The bow was originally somewhere between 70-80# shooting a 27" flight arrow (measured to the BELLY of the bow). Having overdrawn and stuck the point of an arrow into the belly a tip overlay sheared off. I repaired it, but didn't have the bottle to shoot it again.
So... I reworked it down to about 60# @26" ( I didn't want to draw it further on the tiller).
My PB had been 341 yards, and now the re-worked bow shoots 320yards (using the same arrows).
I've eased off the arrow pass and done a slight sideways correction at the arrow pass with heat (The bow was curved to the archers right away from the arrow pass).
High speed video at 1000 frames per second shows good arrow flight, and I thought adding an extended shelf to give 3" of over draw and therefore a shorter lighter more aerodynamic arrow might get it shooting further. Video shows the arrows rotating and tipping over at about 45 degrees after a few yards of flight, so there is a lot of tuning work to do.
https://www.youtube.com/watch?v=YAIq9j6HsfE
Shooting with the shooting machine has it's own problems, clamping the bow too hard can cause misalignment of the string. The papier mache extended shelf shows some promise.

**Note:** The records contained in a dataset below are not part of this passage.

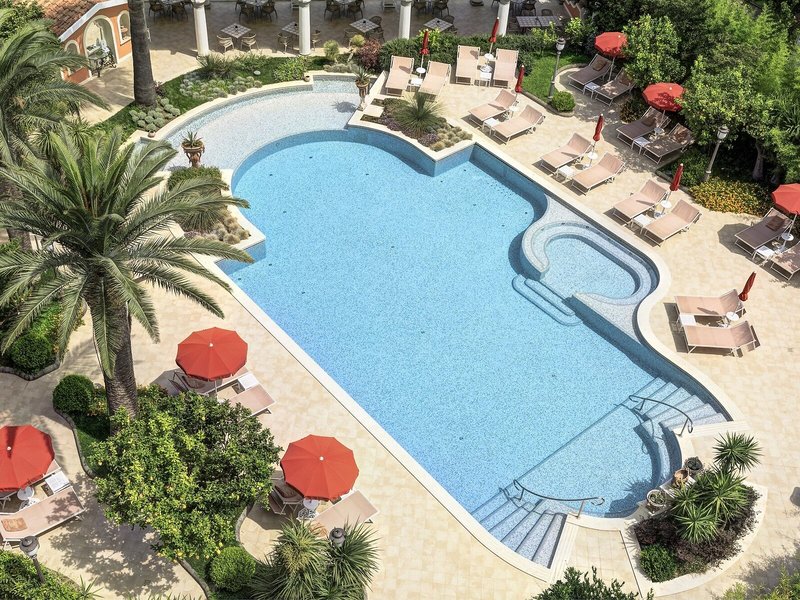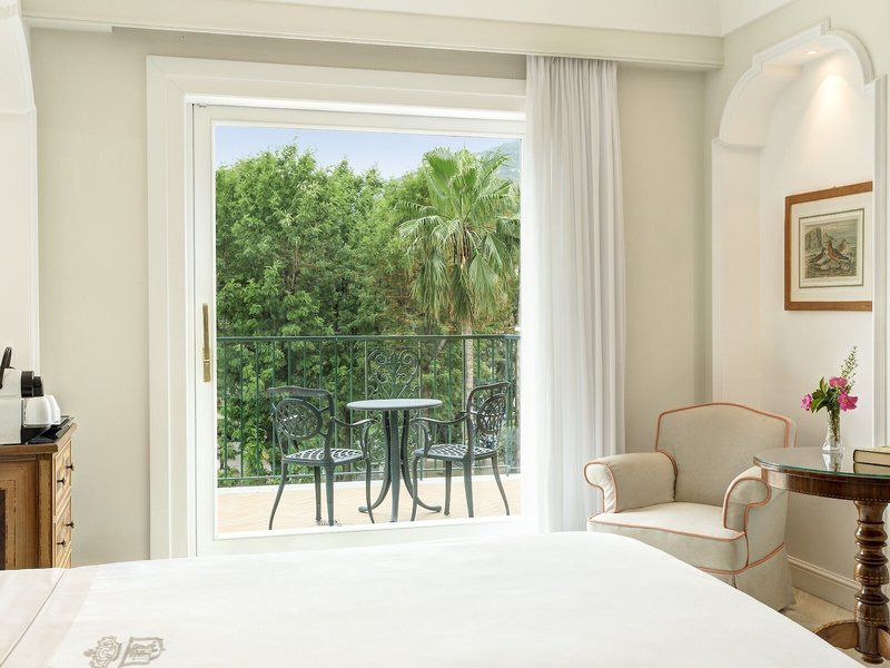 Lage & Umgebung Dieses elegante und raffinierte Hotel der gehobenen Kategorie liegt im Herzen von Sorrent. Es thront über dem Meer auf einer Klippe und überblickt den Golf von Neapel und den Vesuv. Es liegt innerhalb eines großen, alten Parks mit einer Mischung aus exotischen Pflanzen, großartigen Kamelien und Orangen- und Zitronenbäumen. Die Gäste finden Restaurants, Bars, Nachtclub sowie Anschlüsse ans öffentliche Verkehrsnetz in ca. 50 m Entfernung vom Hotel. Das touristische Zentrum von Sorrent ist rund 100 m entfernt. Bis nach Capri sind es ca. 25 min, nach Pompeii rund 35 min, nach Herculaneum etwa 45 min und nach Neapel ca. 1 h. Den Flughafen Neapel erreicht man nach rund 44 km.
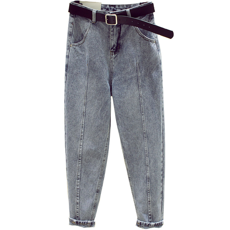 South Korea High Waist Jeans Woman 2020 Spring new women's clothing Loose Display Slim Korean version Light color 90% Old daddy pants
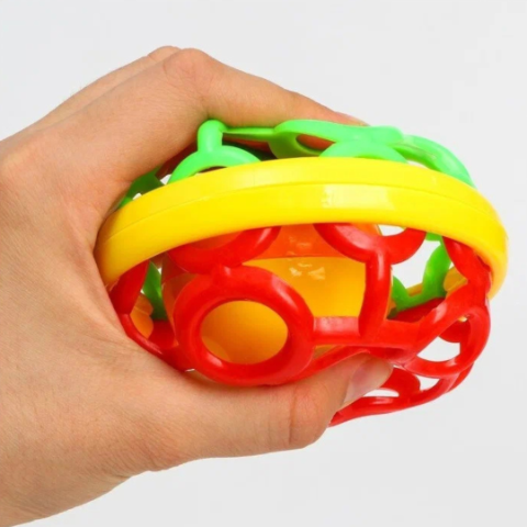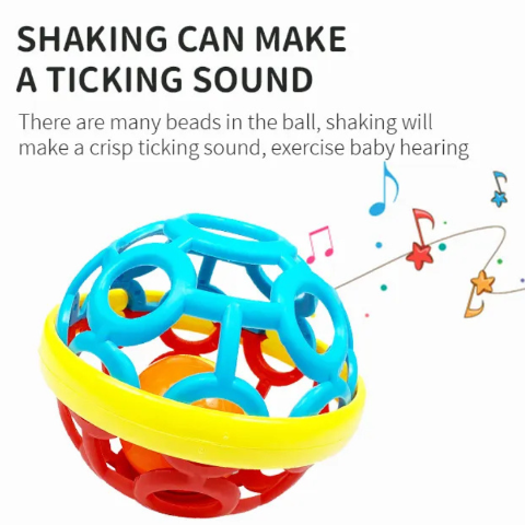 La fiecare mișcare, mingea scoate un sunet delicat, stimulând auzul și distrând copilul.
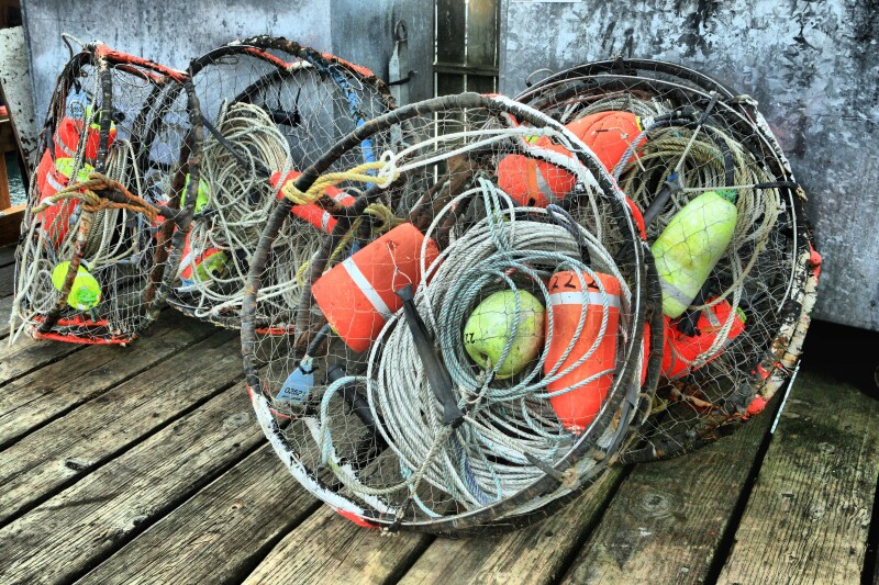 Traditional Dungeness traps were left on the dock during the ropeless gear trial from April 9 to June 30. Photo by KennStilger47

The other problem is arrow mass and spine, the best performing arrows seem to be about 280-300 grain, lighter was giving more speed but less distance in live trials on the field. I haven't got good speed figures using the overdraw shelf and chrono yet. Maybe the arrow isn't flying true through the chrono, I'm also not utilising the full overdraw as I'm short drawing with the machine, for fear of over stressing the wood.
Another question, is the lower limb a tad weak?